On Monday evening, a video began to permeate the Internet. In it, a young, black, female student in class at Spring Valley High School in Columbia, South Carolina is flipped over while sitting at her school desk, then dragged across the floor by a white, male school resource officer (SRO). On Wednesday, Richland Country Sheriff Leon Lott announced at a press conference that the SRO in question, Deputy Ben Fields, has been fired as a result of the incident. But Lott added that, in his opinion, the whole situation was initiated by the student. Yep, Sheriff Lott said that the student started it.

According to BuzzFeed, Lott's exact words on the matter were, "We must not lose sight that the whole incident was started by this student," after which he added that this did not justify Fields' actions. As if this situation weren't already completely infuriating, unacceptable, and devastating enough, we have yet another old white dude in a position of power telling a young black woman (a minor in high school, at that) that something horrible that happened to her is essentially her own fault. The implication is that If the student hadn't "started it," then maybe she wouldn't have gotten dragged across the room.

How about we as a society just agree that we don't throw unarmed teenagers across the room, regardless of what they did or did not "initiate"? It doesn't matter that the student's noncompliance set off a chain of events that lead to her teacher to call in administration, and for administration to call an SRO (again, because she was merely sitting there and refusing to leave the room where she was being educated on a school day). It's preposterous and entirely unfair to suggest that the resulting actions were somehow the fault of the student. Fields has not yet released a statement about his actions on Monday, or the subsequent fallout. Bustle has reached out to Fields for comment.
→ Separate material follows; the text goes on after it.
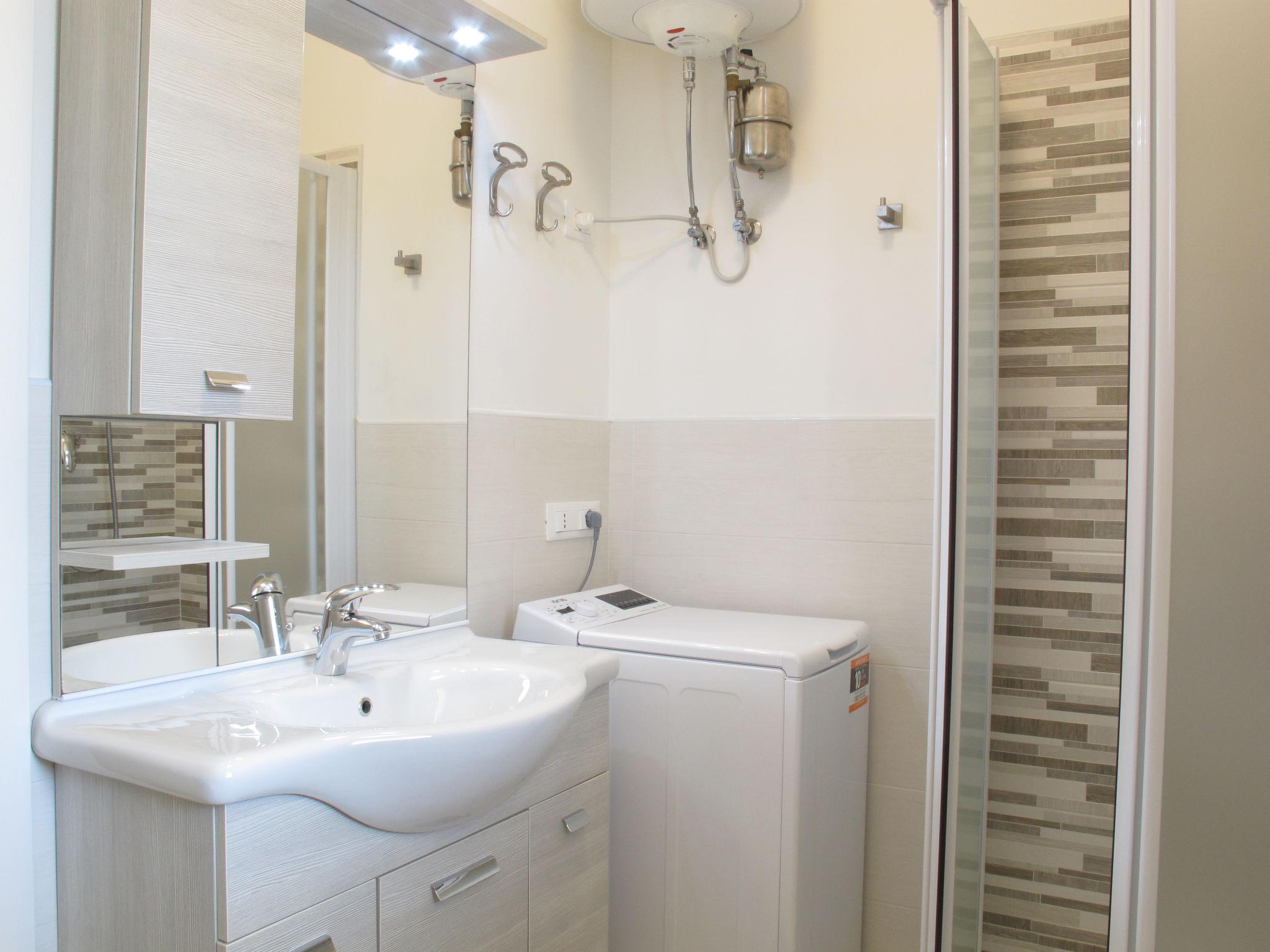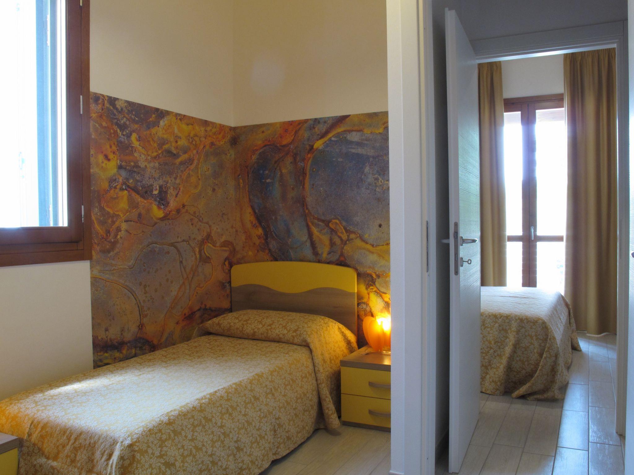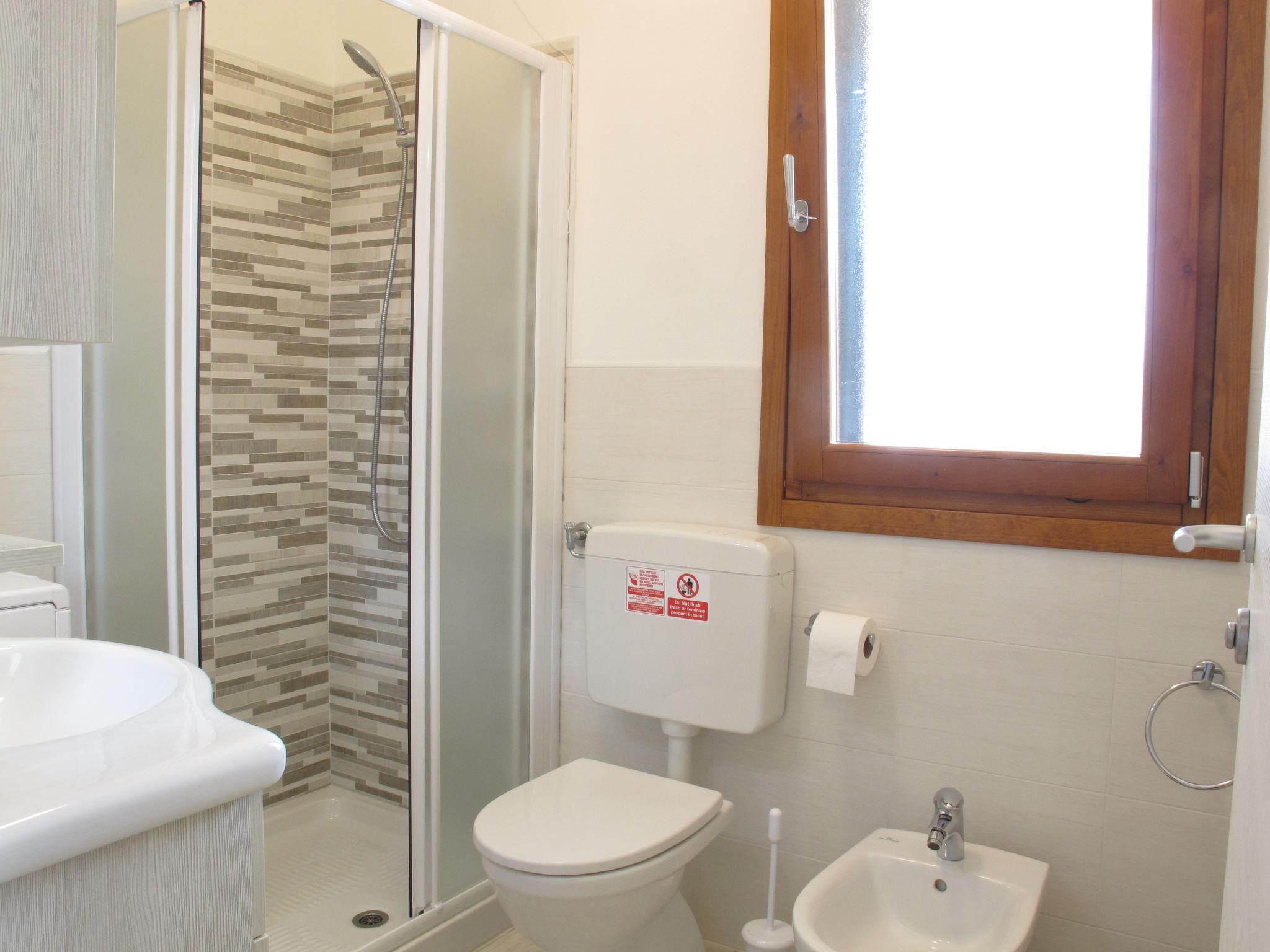 "Jolanda", 3-room terraced house 60 m2 on 2 levels. Bright, comfortable furnishings: living/dining room with satellite TV and air conditioning. Exit to the garden, to the terrace. Open kitchen (dishwasher, 4 induction hot plates, toaster, kettle, microwave, freezer). Shower/bidet/WC. Upper floor: 1 double bedroom with air conditioning. Exit to the balcony. 1 room with 2 beds. Electric heating. Balcony 10 m2, terrace 18 m2, roofed, garden 45 m2. Terrace furniture. Facilities: washing machine, iron, mosquito net. Internet (WiFi, free). Parking (fenced 1 car) at the house, width 230 cm. Please note: suitable for families. Non-smoking house. Private entrance. IT038006B4KCD3WF7D

Lott conceded that "Fields did not follow proper training and proper procedure when he threw the student across the room," and also fired him for his treatment of the student. I interpret these statements as an admission that Fields was utterly in the wrong, and in the wrong to the extent that it was determined he was not fit for his post as an officer of the law. How can it be that Fields' actions were unjustifiable, but at the same time prompted by the students actions? I'd like to be able to say "I can't believe that it's 2015 and we are still having this conversation," but frankly, I'm not surprised. This is just one in a series of many egregious incidents in which women are told that the violence inflicted upon them is their fault.

Even when firing Fields for what he had done, Lott was unwilling to admit that the student was not at all to blame. Even though the entire country saw a teenager sitting in her desk get flipped over and dragged several feet across the floor, Lott is apparently unable wrap his mind around the idea that the entire event was initiated and executed by Fields himself.